Re: Efficient split for alpha numeric pairs in a row
by AnomalousMonk (Archbishop) on Jul 01, 2015 at 17:13 UTC

    Here's another, slightly different approach. It tries to factor regex elements, and to build an extraction regex (rather than a split pattern of some kind) based on a mapping of all valid commands to their possible values. I make some assumptions:

    • an  $integer is zero or positive, never negative (update: and it never has a sign);
    • certain real numbers like .0 or 0. need not be recognized;
    • some commands like  N G have  $integer values only, and others like  X Y have only  $real values (the OP says a command is "a letter followed by a number which can be either an integer or real", implying that N, for instance, could have a real value);
    • there is no inherent order in the occurrence of the  N G X Y etc. commands in a command sequence.
    Note that the command sequence is validated before commands are extracted (the undefined  'C' command in one of the example sequences causes an abort). Also note that I use the  (?|pattern) extension of Perl 5.10+ (see Extended Patterns in perlre); if you need to avoid this construct, I can provide an alternative.
    c:\@Work\Perl\monks>perl -wMstrict -MData::Dump -le "my $integer = qr{ (?<! \d) \d+ (?! \d) }xms; my $real = qr{ -? $integer [.] $integer }xms; ;; my %cmds = ( N => $integer, G => $integer, H => $integer, M => $integer, X => $real, Y => $real, I => $real, J => $real, ); ;; my ($rx_cmd) = map qr{ (?| $_) }xms, join q{ | }, map qq{($_) ($cmds{$_})}, keys %cmds ; ;; for my $s (qw( N260G02X142.05Y649.62I77.33J58.34H2M25 N265M20 N270G45 N290G03X324.39Y638.4I-69.58J67.4H2M25 N275G01X304.78Y608.8C45.91M25 N280M20 )) { print qq{seq: '$s'}; die qq{bad: '$s'} unless $s =~ m{ \A $rx_cmd+ \z }xms; my %parts = $s =~ m{ $rx_cmd }xmsg; dd \%parts; } " seq: 'N260G02X142.05Y649.62I77.33J58.34H2M25' { G => "02", H => 2, I => 77.33, J => 58.34, M => 25, N => 260, X => 1 +42.05, Y => 649.62 } seq: 'N265M20' { M => 20, N => 265 } seq: 'N270G45' { G => 45, N => 270 } seq: 'N290G03X324.39Y638.4I-69.58J67.4H2M25' { G => "03", H => 2, I => -69.58, J => 67.4, M => 25, N => 290, X => 3 +24.39, Y => 638.4 } seq: 'N275G01X304.78Y608.8C45.91M25' bad: 'N275G01X304.78Y608.8C45.91M25' at -e line 1.

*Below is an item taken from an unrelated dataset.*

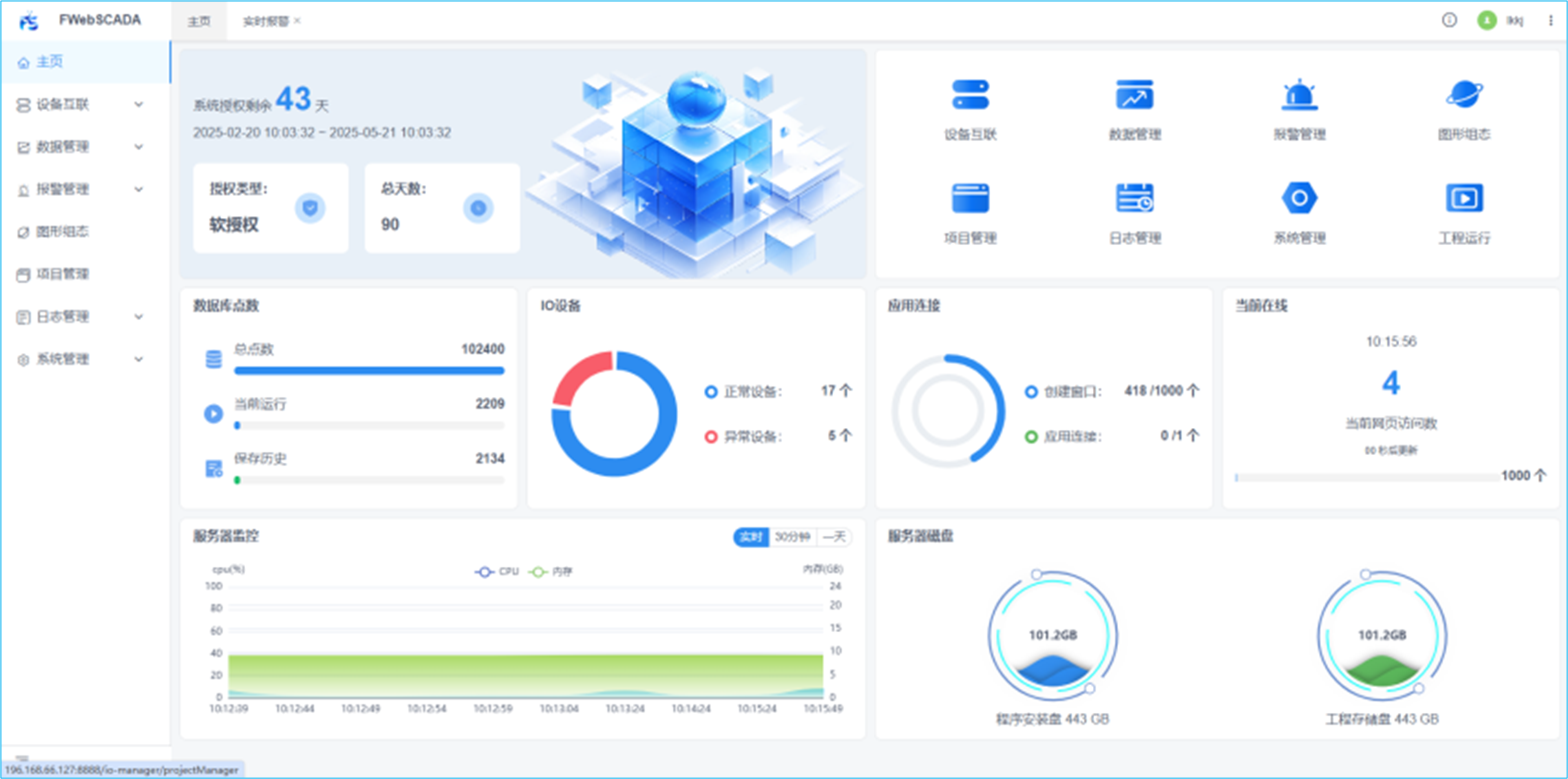 FWebSCADA 采用采集 + 存儲 + 服務 + 平臺一體化設計。一體化部署設計大大降低采集、存儲、服務之間的傳輸延時,降低運維成本,提高安全性。一體化采集可實現設備層數據的高度集中,消除信息孤島,可貫穿控制層、存儲層和監視層的數據和邏輯鏈路,實現跨層級的功能協作和數據共享。

    Give a man a fish:  <%-(-(-(-<

Re: Efficient split for alpha numeric pairs in a row
by locked_user sundialsvc4 (Abbot) on Jul 01, 2015 at 12:07 UTC

    And, for the record, “the key piece of magic” is the /g, and possibly also the /c, modifiers, which are described under, of all places, “Regexp Quote-Like Operators” in perldoc perlop.   (As referred-to in the main regexp topic, perldoc perlre.)

    These two modifiers allow you to search repeatedly within a single string, in a while-loop as shown, using groups (in parentheses) to extract each part that has been matched.   As shown in examples given earlier, this lets you “roll-up” such a string, viewing it exactly as the CNC designers intended:   as a list of one-or-more variable/value pairs having no set delimiters between them.   (Delimiters being unnecessary because alpha characters are distinct from digits and decimal points.)